- **RECORDS SHOWN**
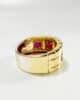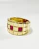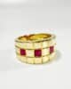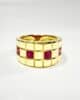 Stunning Art Deco 18k yellow gold ring featuring a “quilted” check pattern set with 4 princess-cut rubies in bezel setting. A piece of character, imposing and sophisticated, to be worn as a style signature on a daily basis.
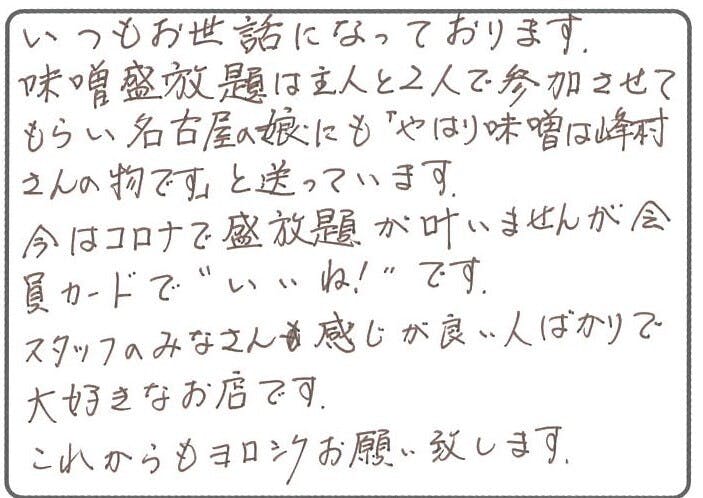 そんなにご迷惑をお掛けしてるのにもかかわらず、ほとんどのお客様は苦情をおっしゃらないんです。なんなら「峰村さんのお味噌おいしかったよ」「また買いに来るね」なんて温かい言葉までかけてくださることの方が圧倒的に多かったりします。
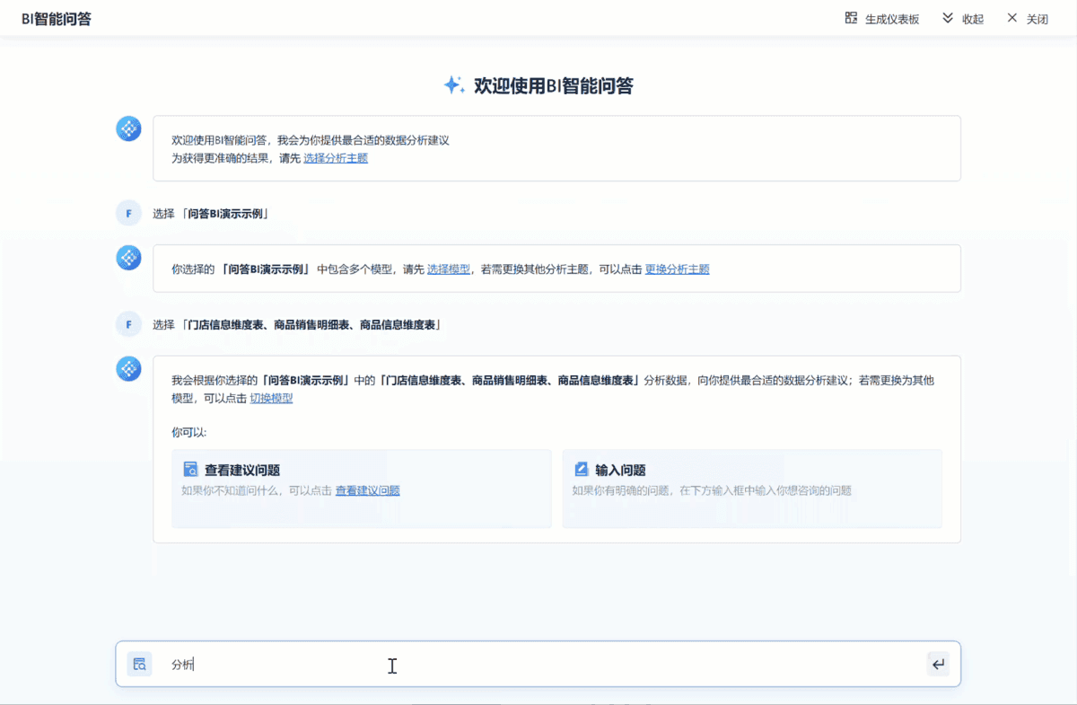 - 智能数据探索,需求精准匹配:具备智能数据探索功能,能够自动识别数据中的模式、趋势和关联。通过先进的算法和机器学习模型。FineChatBI会针对所输入的问题进行提前阅读,对于模糊的字段和意图不明确的问题,FineChatBI会通过模型匹配相似问题,生成分析思路和可视化组件。业务人员可以分析这些思路,判断是否满足需求,从而进⼀步提升问答精准度。如果不满意,可以选择推荐的类似问题进行提问。
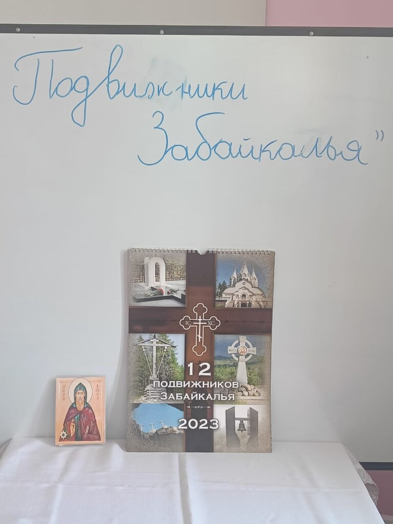 12 февраля 2023 года в воскресной школе храма Вознесения Господня в пгт. Забайкальск прошел урок «Подвижники Забайкалья». На уроке преподаватель воскресной школы Максим Чуданов рассказал детям о подвижниках веры и благочестия земли Забайкальской. В качестве наглядного пособия был использован календарь на 2023 год «12 подвижников Забайкалья» изданный по благословению Высокопреосвященнейшего Димитрия, митрополита Читинского и Петровск-Забайкальского. ©Нерчинская епархия
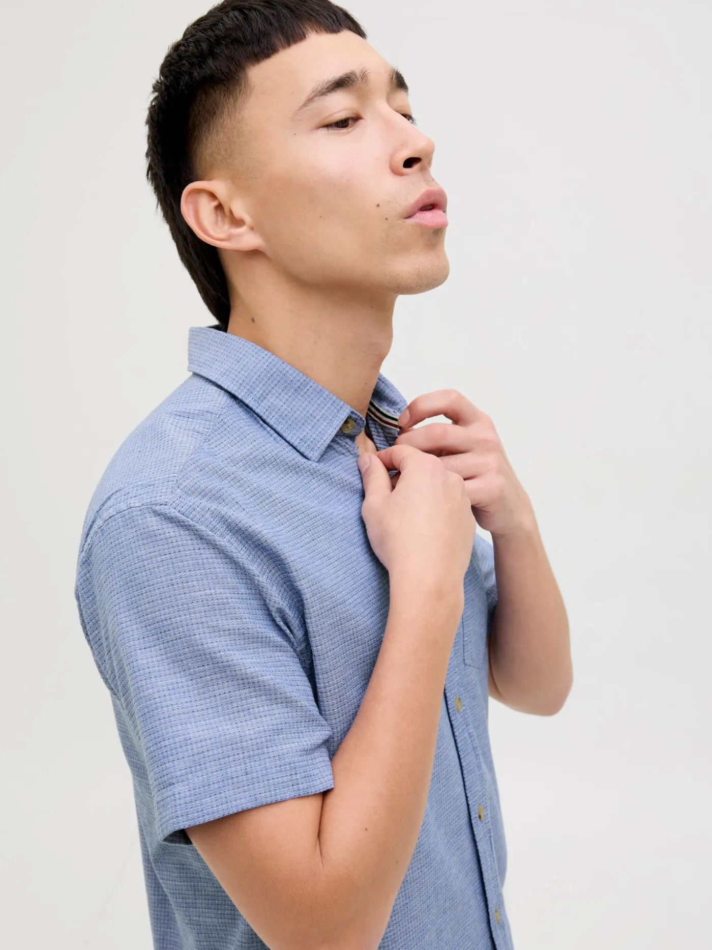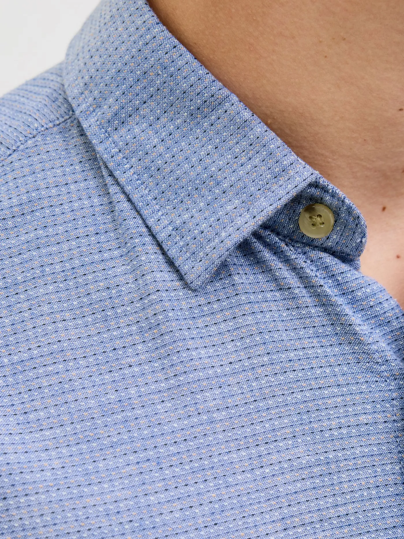 Een blauw Jack & Jones overhemd met een all-over print, casual en modern van stijl, met een donker blauwe kleur en een subtiele, verspreide print. Perfect voor een relaxte, maar stijlvolle look.
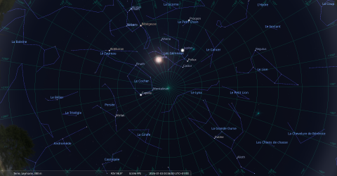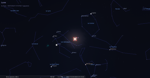 – A 14h22, la Lune arrive devant la constellation des Gémeaux (Gem) ; longitude 90°08’ (1er CAN) ; latitude +4°46’, descend
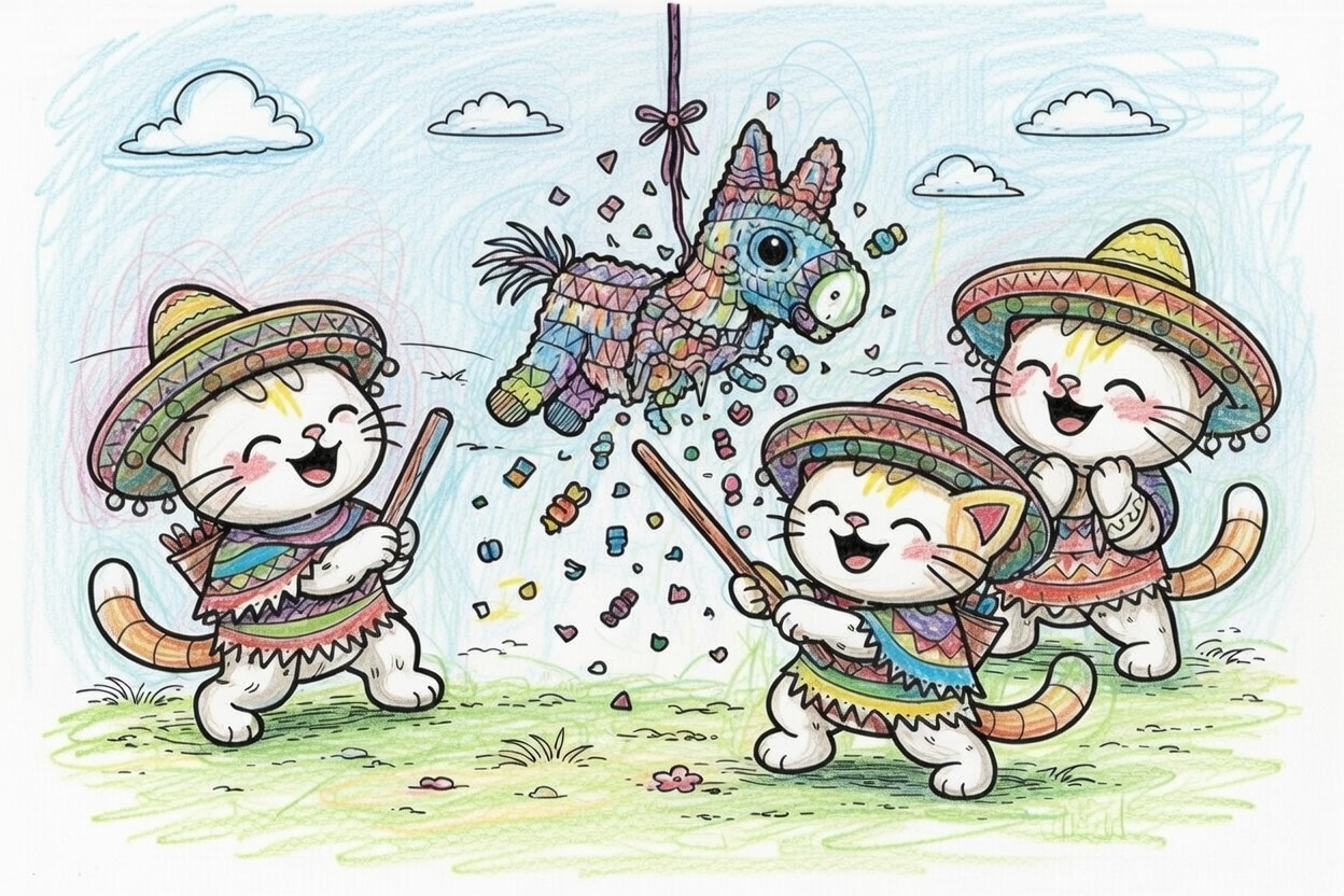 A simple black-and-white coloring page showing happy kittens wearing sombreros and playing with a piñata. Bold outlines and large, clear shapes make it easy for young children to color while enjoying a fun celebration scene.
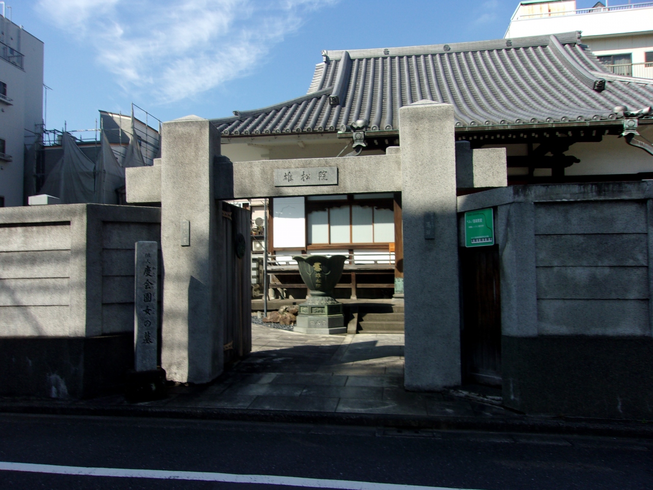 この雄松院は深川の寺町の中にある寺の一つです。地下鉄都営大江戸線清澄白河駅から南に5分程度の場所にあります。この寺は近くの霊厳寺の開山堂として17世紀前半に創建されたといわれています。浄土宗の寺です。俳人の渡会園女は松尾芭蕉の弟子の一人です。山門を入るとすぐに墓があります。
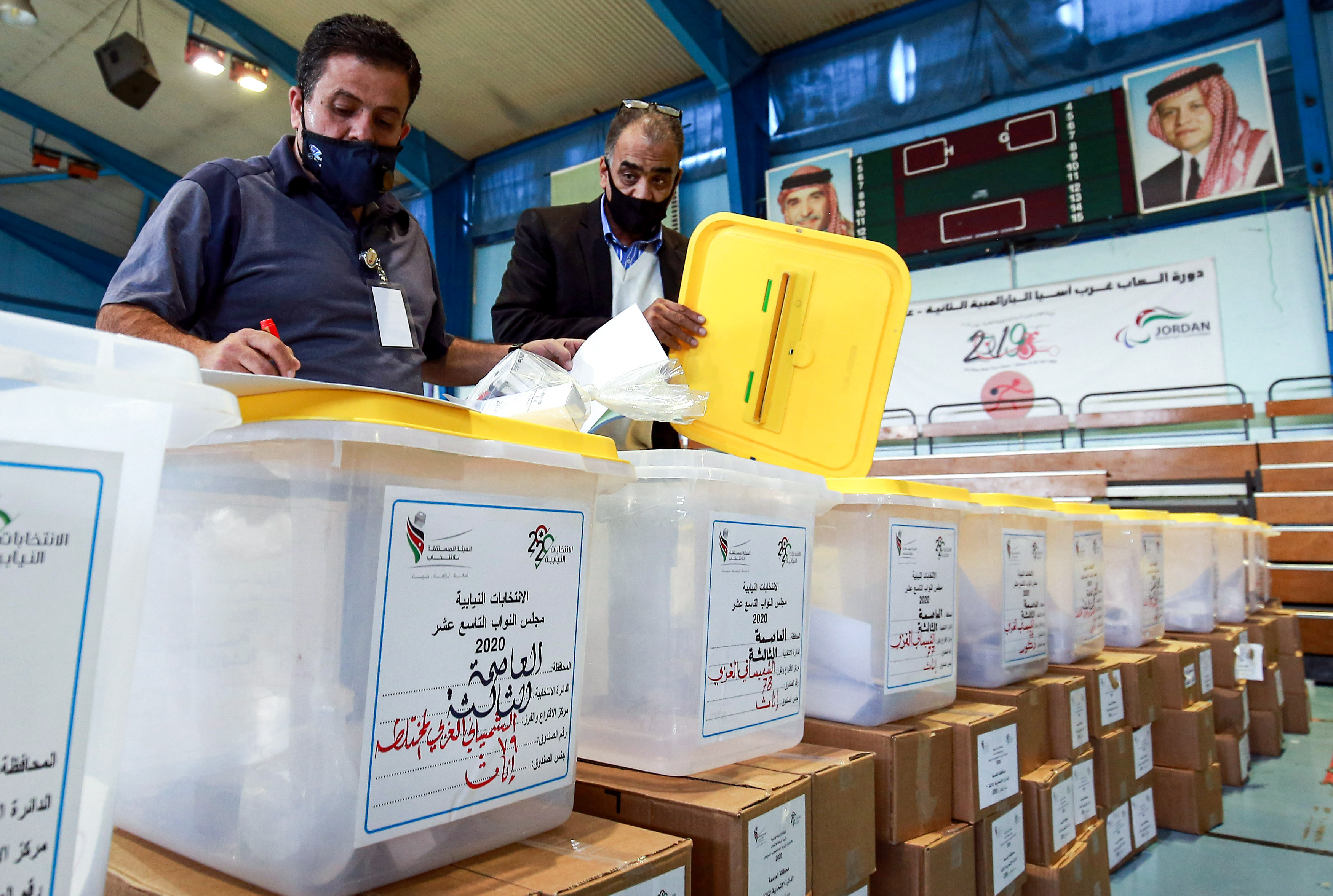 Employees of Jordan's Independent Election Commission prepare ballot boxes at a polling centre in Jordan's capital, Amman [Khalil Mazraawi/AFP]
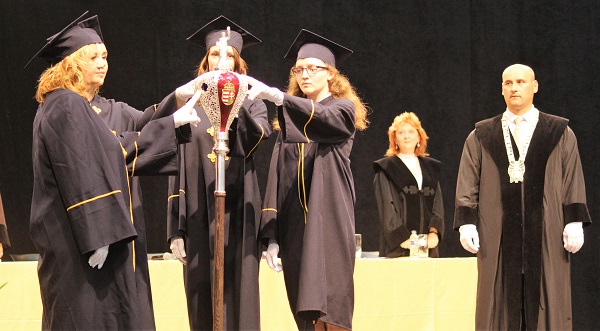 A végzősök nevében Hancz Bianka tanító alapszakos hallgató köszönt el az Alma Matertől. Felidézte az a napot, amikor elsőéves hallgatóként a fizikatanáruk nagymamája meglátogatta őket és elődást tartott. Neki már tizennyolc évesen negyven fős osztálya volt, különböző korú diákokkal. Az üzenetet, amit útravalóul kaptak tőle, azóta őrzi: „A legfontosabb, hogy szeressétek a gyerekeket, szeretettel mindent meg lehet oldani.” Ez a szeretet sugárzott abból az elődásból is, ahogy Tarcsai Veronika és Török Anita, kétszeres aranypáva díjas, végzős hallgatók népdalcsokrot énekeltek a diplomaátadó közönségének.

- **TASK DIRECTIONS**
Your response should consist solely of the lines from the line with "- 智能数据探索,需求精准匹" through the last line of the entries above, printed exactly and without pictures.

- **YOUR SOLUTION**
 - 智能数据探索,需求精准匹配:具备智能数据探索功能,能够自动识别数据中的模式、趋势和关联。通过先进的算法和机器学习模型。FineChatBI会针对所输入的问题进行提前阅读,对于模糊的字段和意图不明确的问题,FineChatBI会通过模型匹配相似问题,生成分析思路和可视化组件。业务人员可以分析这些思路,判断是否满足需求,从而进⼀步提升问答精准度。如果不满意,可以选择推荐的类似问题进行提问。
 12 февраля 2023 года в воскресной школе храма Вознесения Господня в пгт. Забайкальск прошел урок «Подвижники Забайкалья». На уроке преподаватель воскресной школы Максим Чуданов рассказал детям о подвижниках веры и благочестия земли Забайкальской. В качестве наглядного пособия был использован календарь на 2023 год «12 подвижников Забайкалья» изданный по благословению Высокопреосвященнейшего Димитрия, митрополита Читинского и Петровск-Забайкальского. ©Нерчинская епархия
 Een blauw Jack & Jones overhemd met een all-over print, casual en modern van stijl, met een donker blauwe kleur en een subtiele, verspreide print. Perfect voor een relaxte, maar stijlvolle look.
 – A 14h22, la Lune arrive devant la constellation des Gémeaux (Gem) ; longitude 90°08’ (1er CAN) ; latitude +4°46’, descend
 A simple black-and-white coloring page showing happy kittens wearing sombreros and playing with a piñata. Bold outlines and large, clear shapes make it easy for young children to color while enjoying a fun celebration scene.
 この雄松院は深川の寺町の中にある寺の一つです。地下鉄都営大江戸線清澄白河駅から南に5分程度の場所にあります。この寺は近くの霊厳寺の開山堂として17世紀前半に創建されたといわれています。浄土宗の寺です。俳人の渡会園女は松尾芭蕉の弟子の一人です。山門を入るとすぐに墓があります。
 Employees of Jordan's Independent Election Commission prepare ballot boxes at a polling centre in Jordan's capital, Amman [Khalil Mazraawi/AFP]
 A végzősök nevében Hancz Bianka tanító alapszakos hallgató köszönt el az Alma Matertől. Felidézte az a napot, amikor elsőéves hallgatóként a fizikatanáruk nagymamája meglátogatta őket és elődást tartott. Neki már tizennyolc évesen negyven fős osztálya volt, különböző korú diákokkal. Az üzenetet, amit útravalóul kaptak tőle, azóta őrzi: „A legfontosabb, hogy szeressétek a gyerekeket, szeretettel mindent meg lehet oldani.” Ez a szeretet sugárzott abból az elődásból is, ahogy Tarcsai Veronika és Török Anita, kétszeres aranypáva díjas, végzős hallgatók népdalcsokrot énekeltek a diplomaátadó közönségének.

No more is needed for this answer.